Altair si ritroverà ad affrontare i Crociati, gli Ospitalieri, i Templari, i Teutonici, i Saraceni e ovviamente le guardie cittadine.

È il primo capitolo della "Saga di Desmond Miles".

TramaModifica

«Quando gli altri seguono ciecamente la verità, ricorda: nulla è reale. Quando gli altri si piegano alla morale e alle leggi, ricorda: tutto è lecito. Agiamo nell'ombra per servire la luce. Siamo Assassini. Nulla è reale, tutto è lecito.»

(Credo degli Assassini)

La storia di Assassin's Creed inizia nel settembre del 2012, quando un barista di nome Desmond Miles si risveglia dopo una sessione difettosa dell'Animus, uno speciale macchinario super tecnologico, all'interno dei laboratori delle Industrie Abstergo, a Roma, dopo essere stato rapito. Desmond, infatti, è stato "scelto" per il progetto per via del suo antenato, Altaïr, un membro della Setta degli Assassini, vissuto durante la Terza Crociata in Terra Santa; i dirigenti dell'Abstergo mostrano particolare interesse su qualcosa con cui ha avuto a che fare Altaïr e vorrebbero saperne di più.

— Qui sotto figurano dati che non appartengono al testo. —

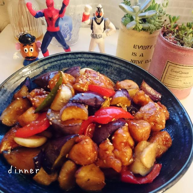 本日のメイン *鶏むね肉となすピーのさっぱり炒め1素揚げしたナス、鶏のから揚げ、ピーマン。2フライパンに薄く油をひき潰したにんにく、ショウガの風味を出す。3そこへ1を入れ醤油、酢各大さじ2、砂糖大さじ1を絡めて出来上がり!!美味しいよ♥#夜ご飯#夕食#dinner#おかず#おうちごはん#food
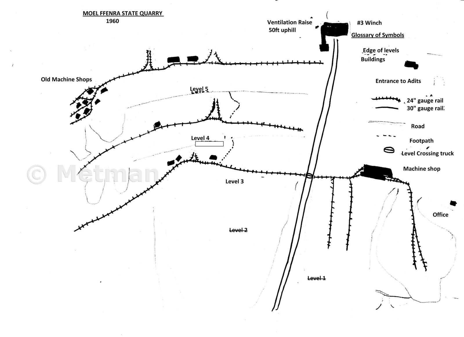 Former levels 1 & 2 were buried below new levels. Access to levels 6 & 7 were from level 5( the only level with two adits
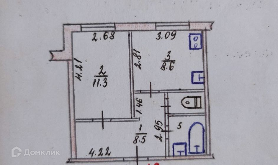 Жилая площадь 11.3 м2
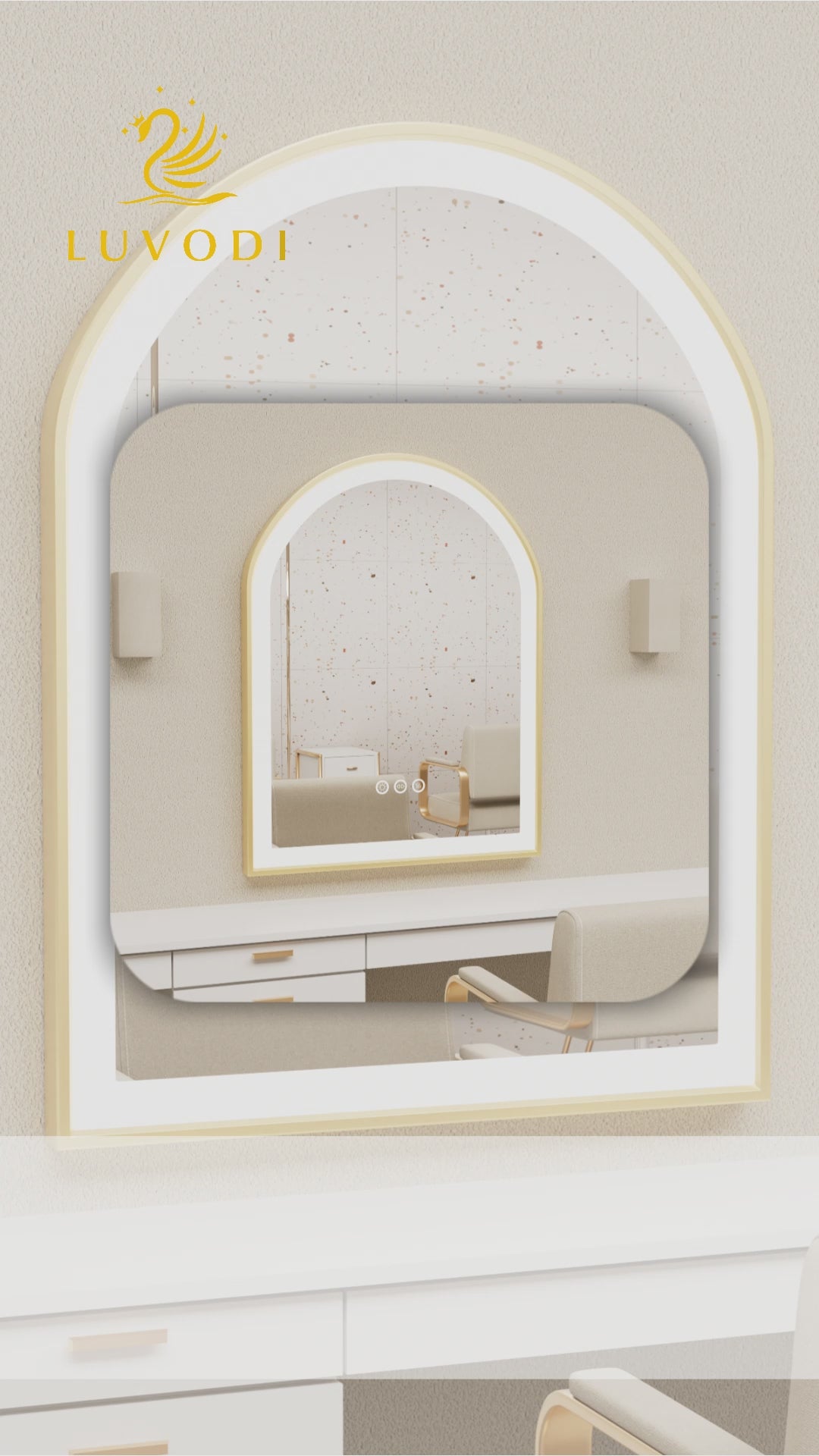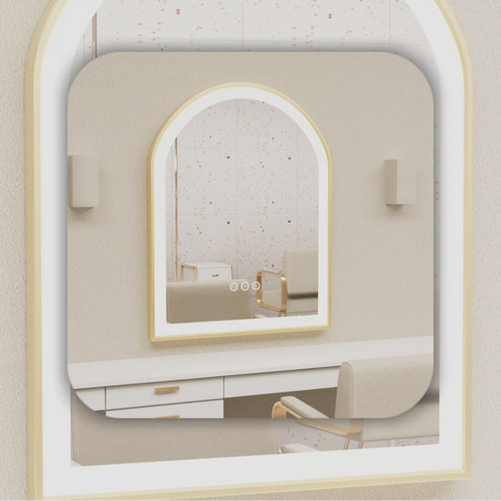 LUVODI Arched LED Bathroom Mirror with Gold Aluminum Alloy Narrow Frame Defogging 3 Color
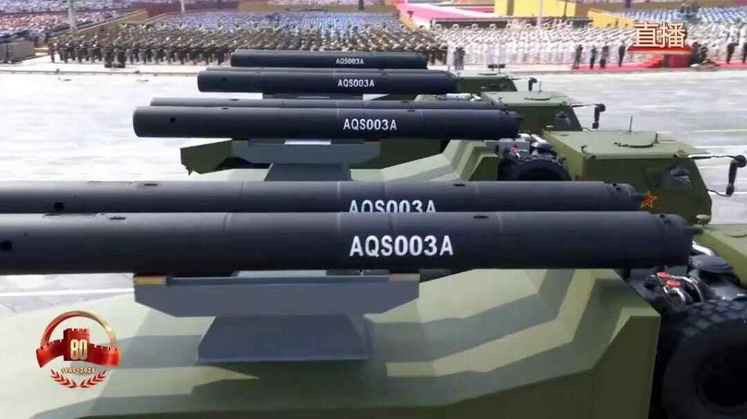 水下兵器方队,轻型鱼雷、助飞鱼雷、重型鱼雷,可打击水面舰艇、摧毁水下目标。新型特种水雷能够自主识别、自主攻击。是扼守要冲、奇袭制敌的“镇海神兵”。
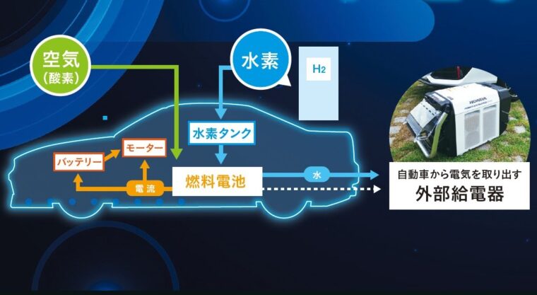 FCVは、空気中の酸素と車に充填した水素を化学反応させて電気を作る「燃料電池」を搭載し、その電気でモーターを回転させて走行します。
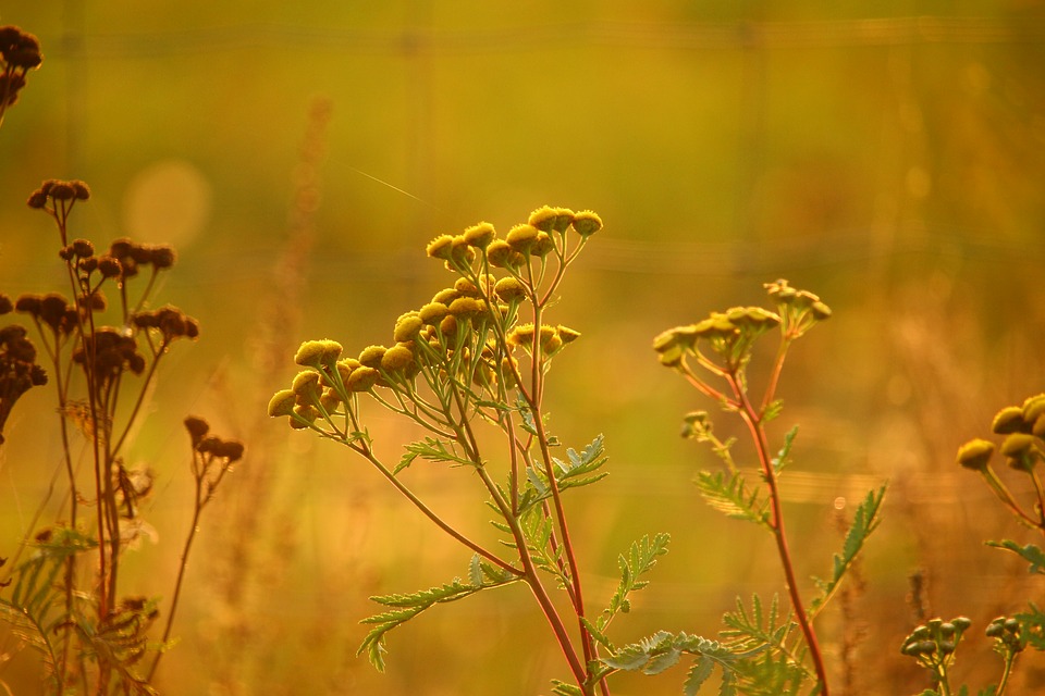 Tam wszystko zakwitało później, ale musiało się bardzo spieszyć, by zdążyć przed jesiennym, lodowatym wiatrem. W sierpniu kwitła już nawłoć i inny niepozorny, żołty kwiatuszek - wrotycz.

I due ricercatori che lavorano al progetto Animus e che supervisioneranno il lavoro di Desmond sono il dottor Warren Vidic e la sua assistente, Lucy Stillman. Questi ultimi spiegano a Desmond che nel DNA sono contenuti non solo le informazioni genetiche, ma anche i ricordi degli antenati, e l'Animus è in grado di prendere queste informazioni e di proiettarle come immagini.

 
Altaïr durante un assassinio

Il primo ricordo risale ad un'importante missione di recupero del tesoro dei templari nel Tempio di Salomone, durante la quale Altaïr tenta di uccidere il gran maestro dei Templari, Roberto di Sable. Tuttavia, l’assassino fallisce e, a causa di una frana, viene separato dai compagni ed è costretto a ritornare a mani vuote alla città di Masyaf; ma uno dei suoi compagni, Malik, riuscirà a recuperare l'artefatto, perdendo però un braccio e il fratello, poiché Altaïr, troppo fiducioso in se stesso, ha messo in pericolo tutta la setta.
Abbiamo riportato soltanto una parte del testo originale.